Top of Dataset content

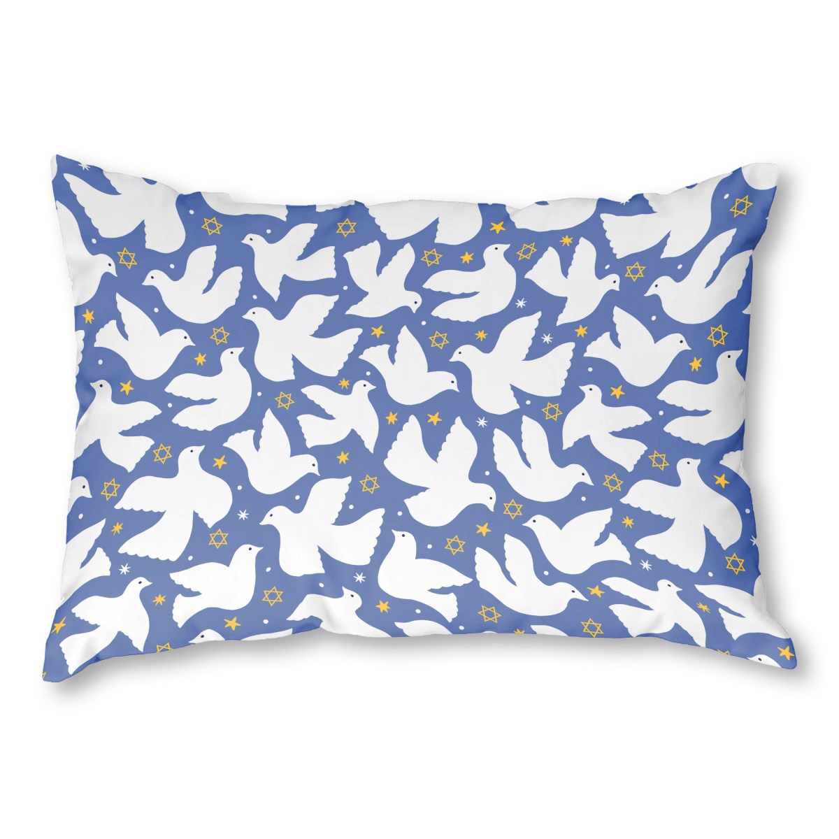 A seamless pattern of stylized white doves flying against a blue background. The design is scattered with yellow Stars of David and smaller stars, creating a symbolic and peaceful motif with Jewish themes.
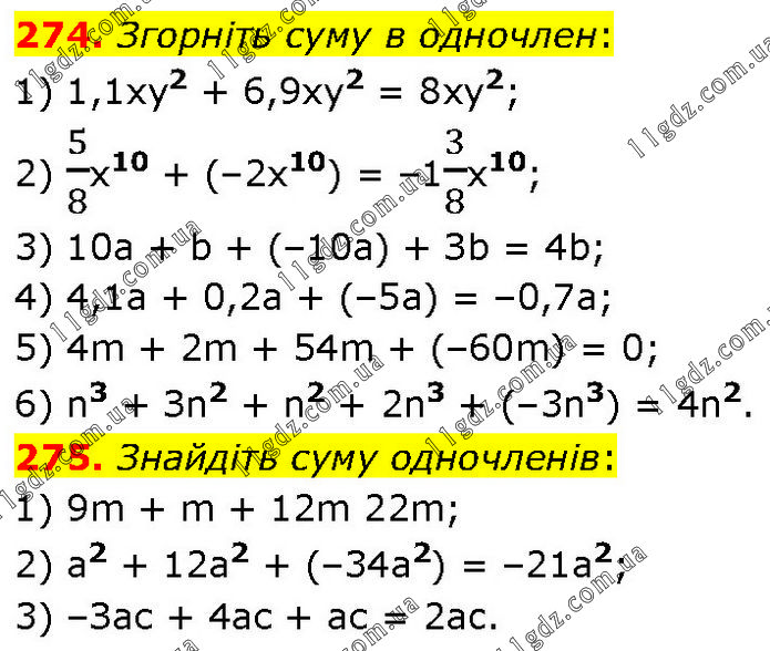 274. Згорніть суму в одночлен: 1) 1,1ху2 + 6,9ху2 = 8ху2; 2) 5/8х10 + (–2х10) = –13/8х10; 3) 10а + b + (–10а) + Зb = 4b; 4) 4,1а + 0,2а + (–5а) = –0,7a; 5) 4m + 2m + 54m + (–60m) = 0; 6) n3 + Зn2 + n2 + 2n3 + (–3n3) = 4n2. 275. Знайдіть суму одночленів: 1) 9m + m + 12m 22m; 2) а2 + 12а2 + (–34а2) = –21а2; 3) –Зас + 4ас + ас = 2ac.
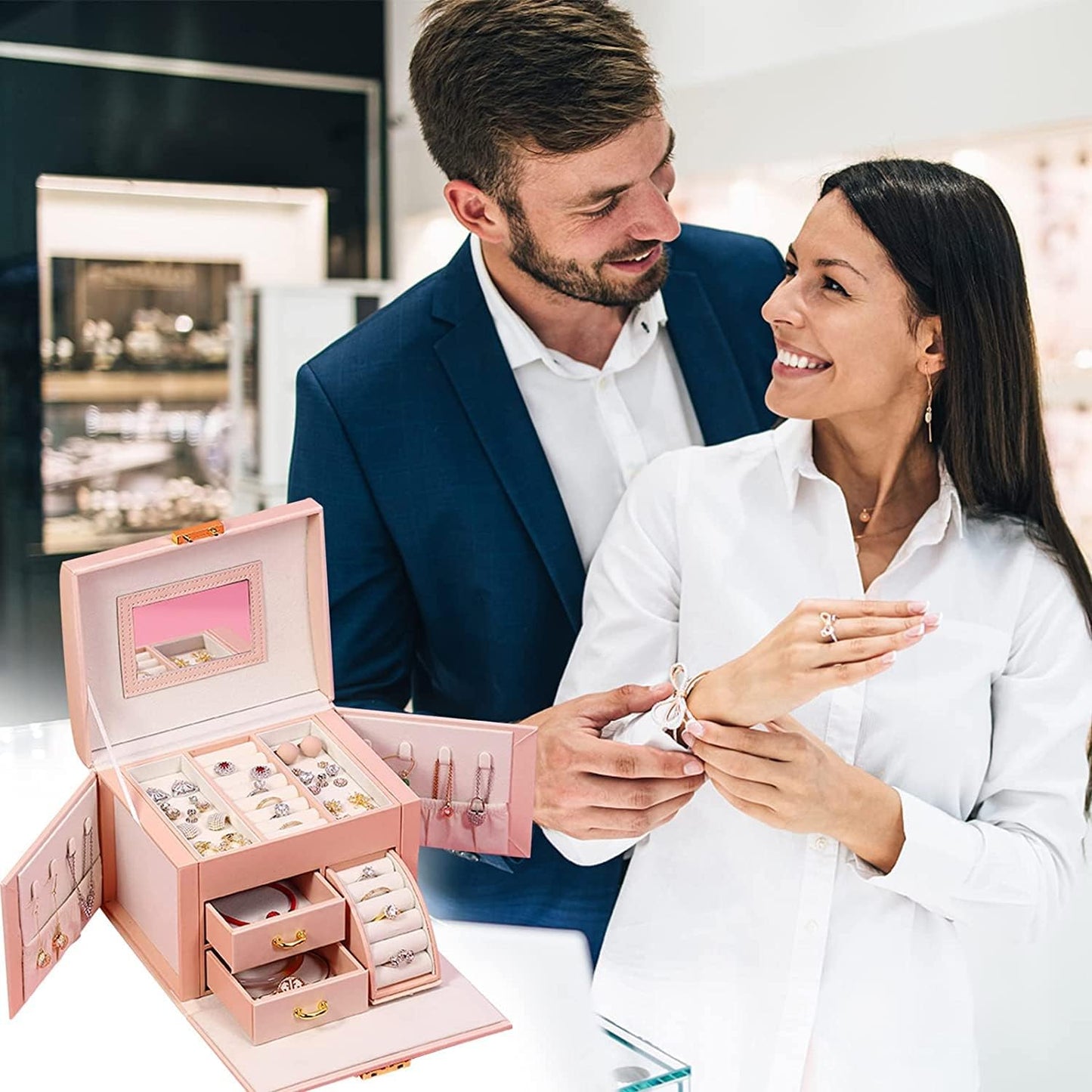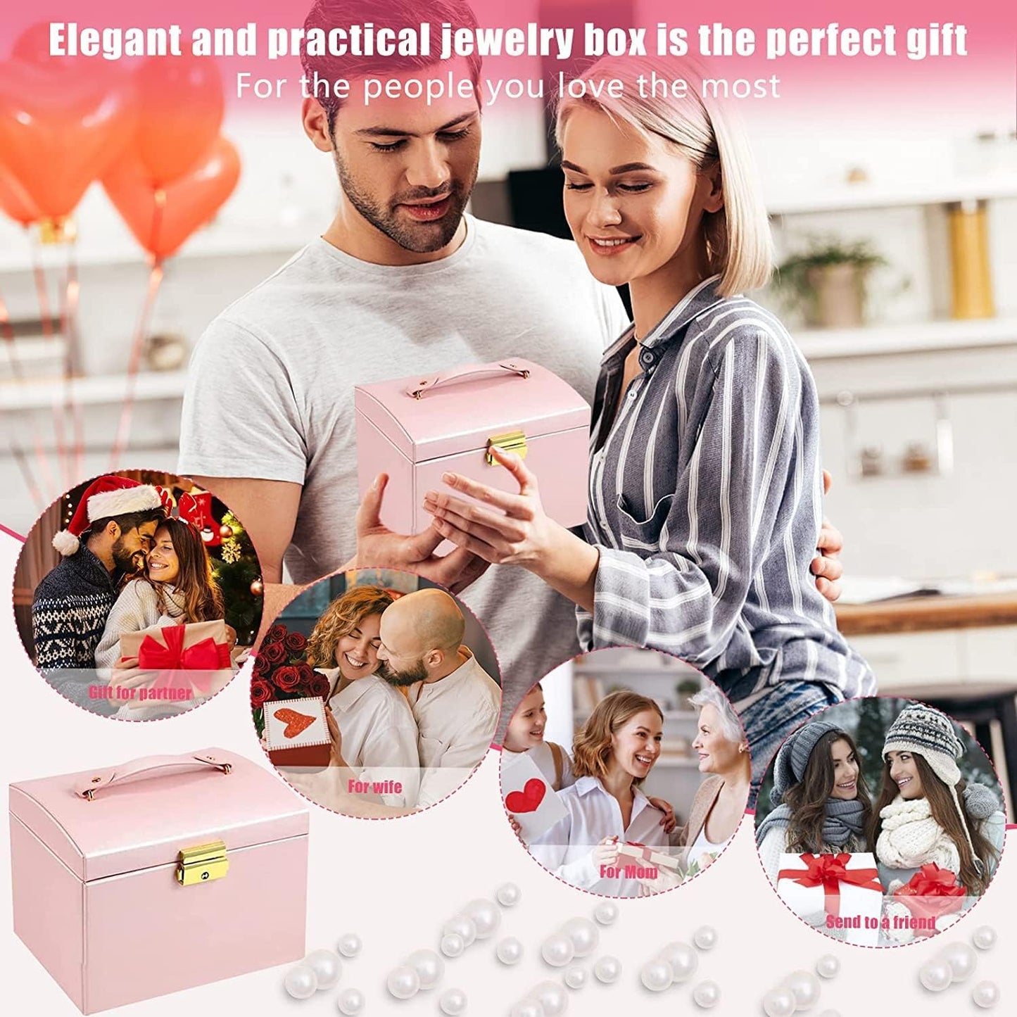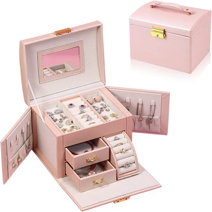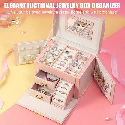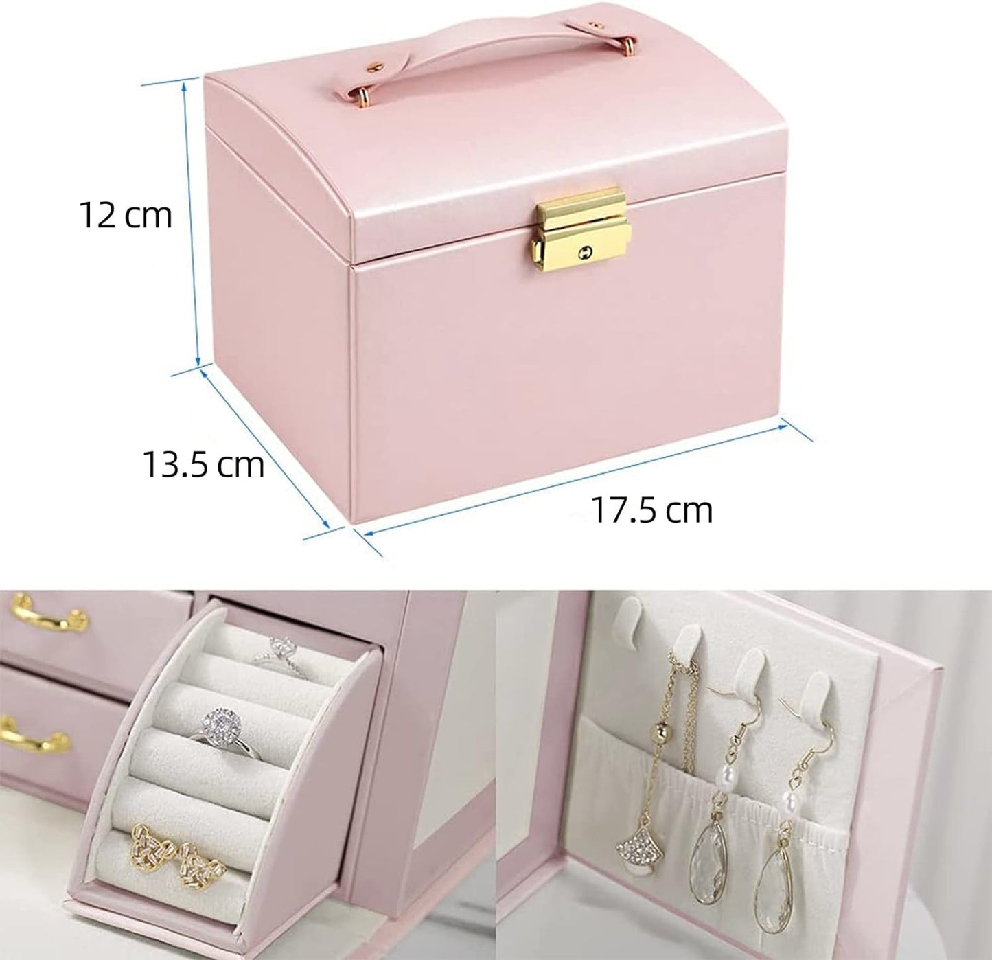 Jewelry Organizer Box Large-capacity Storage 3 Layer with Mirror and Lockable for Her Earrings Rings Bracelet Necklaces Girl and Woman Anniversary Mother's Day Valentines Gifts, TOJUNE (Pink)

Bottom of Dataset content

*Description of the task*: Could you restate all of the data above word for word and skip every picture?

*Reply to the task*:
 A seamless pattern of stylized white doves flying against a blue background. The design is scattered with yellow Stars of David and smaller stars, creating a symbolic and peaceful motif with Jewish themes.
 274. Згорніть суму в одночлен: 1) 1,1ху2 + 6,9ху2 = 8ху2; 2) 5/8х10 + (–2х10) = –13/8х10; 3) 10а + b + (–10а) + Зb = 4b; 4) 4,1а + 0,2а + (–5а) = –0,7a; 5) 4m + 2m + 54m + (–60m) = 0; 6) n3 + Зn2 + n2 + 2n3 + (–3n3) = 4n2. 275. Знайдіть суму одночленів: 1) 9m + m + 12m 22m; 2) а2 + 12а2 + (–34а2) = –21а2; 3) –Зас + 4ас + ас = 2ac.
 Jewelry Organizer Box Large-capacity Storage 3 Layer with Mirror and Lockable for Her Earrings Rings Bracelet Necklaces Girl and Woman Anniversary Mother's Day Valentines Gifts, TOJUNE (Pink)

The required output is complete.